Materials provided =>
────────────────────────────────────────

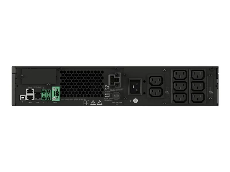Fonctions Batterie remplaçable à chaud, batterie interchangeable, Écran LCD, protection contre les surintensités, protection contre les surtensions, protection contre les sous-tensions, Remote Emergency Power Off (REPO), large plage de tension d'entrée, 2 x groupes de prises contrôlables
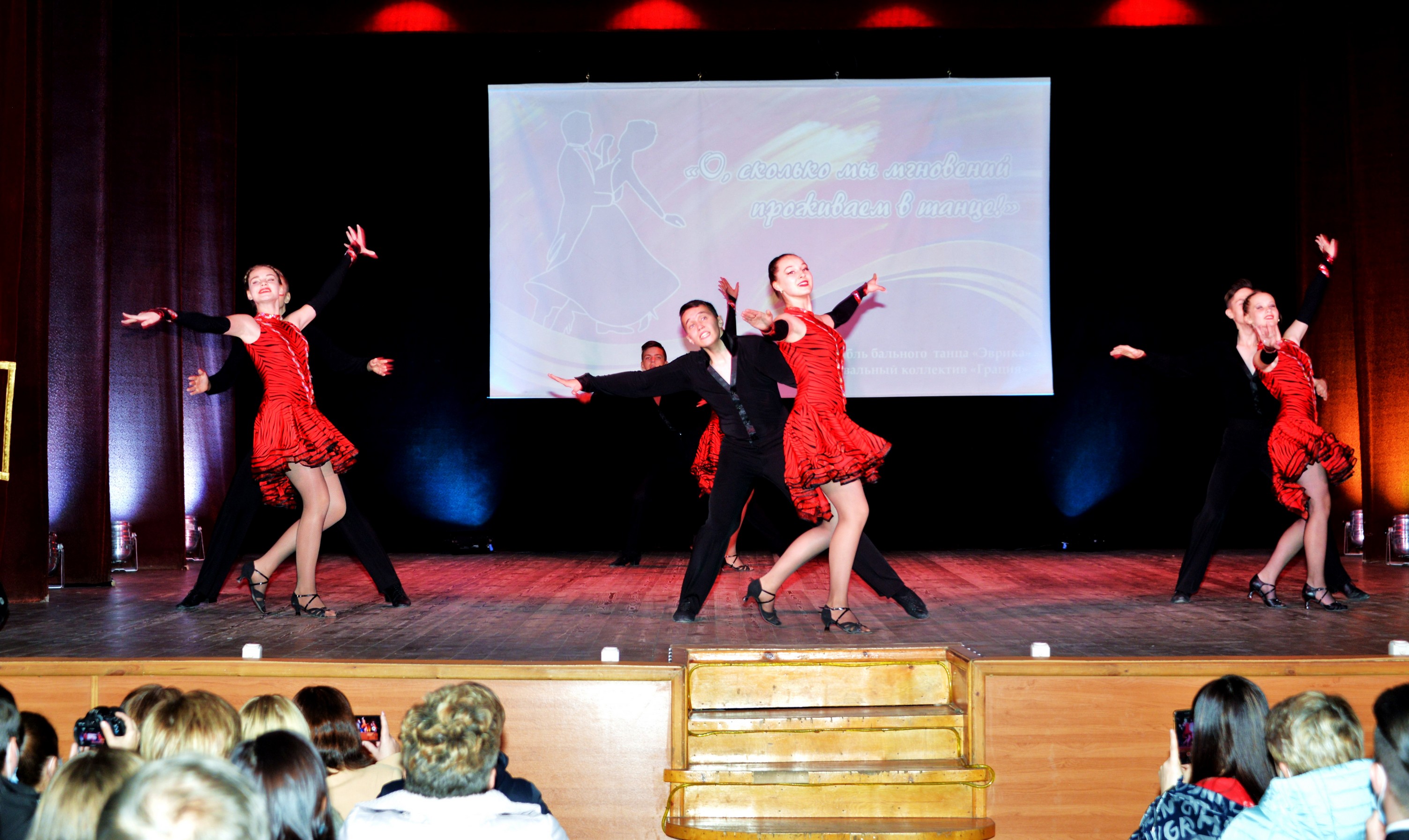 Слово «бал» пришло в русский язык из французского и происходит от латинского глагола ballare, который означает «танцевать». Танцевал в этот вечер «народный» ансамбль бального танца «Эврика» под руководством непревзойдённой Галины Григорьевны Маловой и молодой коллектив «Грация» (руководитель Софья Леонидовна Расторгуева). Отчетный концерт двух коллективов «О, сколько мы мгновений проживаем в танце!» стал праздником души, изящества и мастерства.
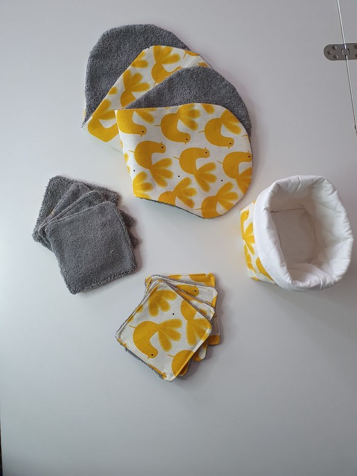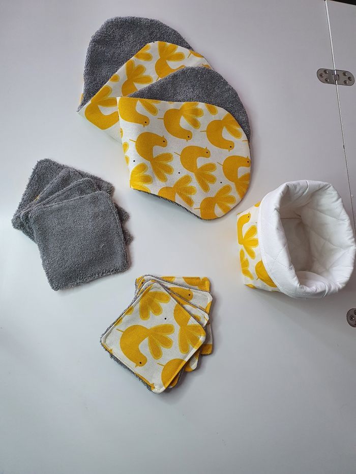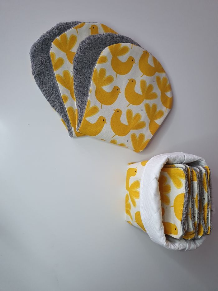 Le kit naissance comprend 2 protèges épaules anti-bavouille, 1 panier et 8 lingettes
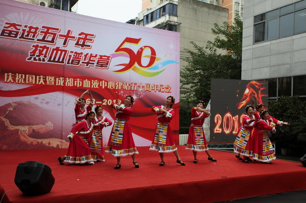 最后,庆祝活动的重头戏--以支部所辖科室为片区的文艺表演开始了,首先业务一支部的歌伴舞《爱在天地间》在欢快的音乐声中热烈登场,她们载歌载舞,表达了业务一线职工的美好祝福;随后离退休支部的舞蹈《最美的歌儿唱给妈妈听》上场,她们穿着鲜艳的少数民族服装表达了老一辈血站人的情怀。其他支部的节目同样精彩,行政支部的诗朗诵《风雨砥砺五十载、步履坚实再出发》,他们声情并茂、抑扬顿挫的朗诵反映了中心发展的艰辛和职工们对未来发展的憧憬和信心;彭州采血队以一曲《明天会更好》表达了自己的心愿,业务三支部表演的反映“5.12”地震时采血屋前感人的场景,医务人员连续奋战,热心市民踊跃献血,令人回味、难忘;年轻人的劲歌劲舞展现了新一代职工的风采和活力。最后业务二支部的大合唱《红色使命》把庆祝活动推向高潮,台下职工也齐声高唱,大家共同表达血液中心职工的心声和对未来前景的美好祝愿!庆祝活动圆满结束。
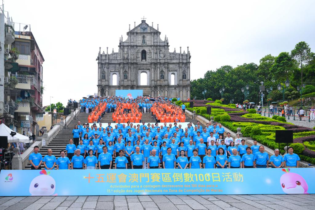 這是8月1日在澳門拍攝的第十五屆全國運動會倒計時100天慶?;顒蝇F(xiàn)場。新華社發(fā)(張金加攝)
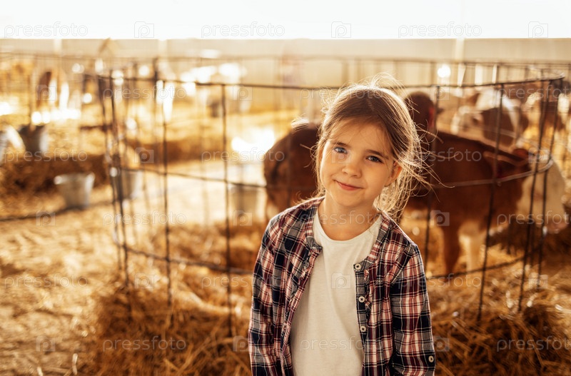Портрет маленькой девочки в клетчатой рубашке на ферме крупным планом. Милый ребенок улыбается в коровнике
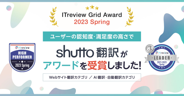この度、Webサイト翻訳ツール「shutto翻訳」は、アイティクラウド社主催の「ITreview Grid Award 2023 Spring」において、ユーザーから高い評価を受け、Webサイト翻訳カテゴリーでアワード「Leader」を、AI翻訳・自動翻訳(テキスト翻訳)ツールカテゴリーでアワード「High Performer」を受賞しました!Webサイト翻訳カテゴリーについては、17期連続の受賞となります!
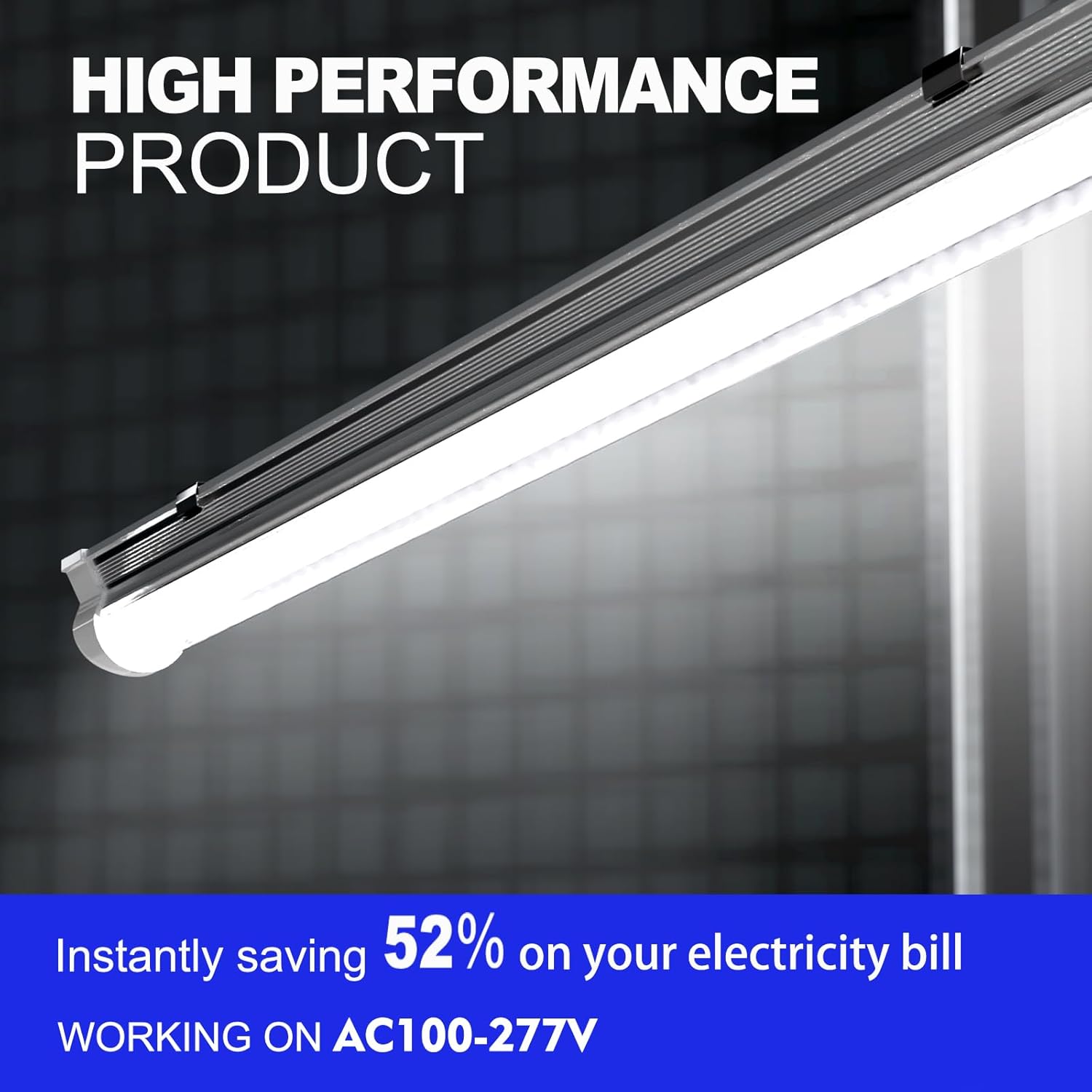 - Comfortable & Eco-Friendly Lighting:6500K Cool White. No flicker, mercury-free, noise-free, high efficiency 150LM/W protects vision. Ideal for basements, supermarkets, workbenches, etc.

────────────────────────────────────────

What is expected => With the line containing "Портрет маленькой девочки" as the first line and the last line of the listing as the final one, reproduce that span exactly, without pictures.

The completed task =>
Портрет маленькой девочки в клетчатой рубашке на ферме крупным планом. Милый ребенок улыбается в коровнике
この度、Webサイト翻訳ツール「shutto翻訳」は、アイティクラウド社主催の「ITreview Grid Award 2023 Spring」において、ユーザーから高い評価を受け、Webサイト翻訳カテゴリーでアワード「Leader」を、AI翻訳・自動翻訳(テキスト翻訳)ツールカテゴリーでアワード「High Performer」を受賞しました!Webサイト翻訳カテゴリーについては、17期連続の受賞となります!
 - Comfortable & Eco-Friendly Lighting:6500K Cool White. No flicker, mercury-free, noise-free, high efficiency 150LM/W protects vision. Ideal for basements, supermarkets, workbenches, etc.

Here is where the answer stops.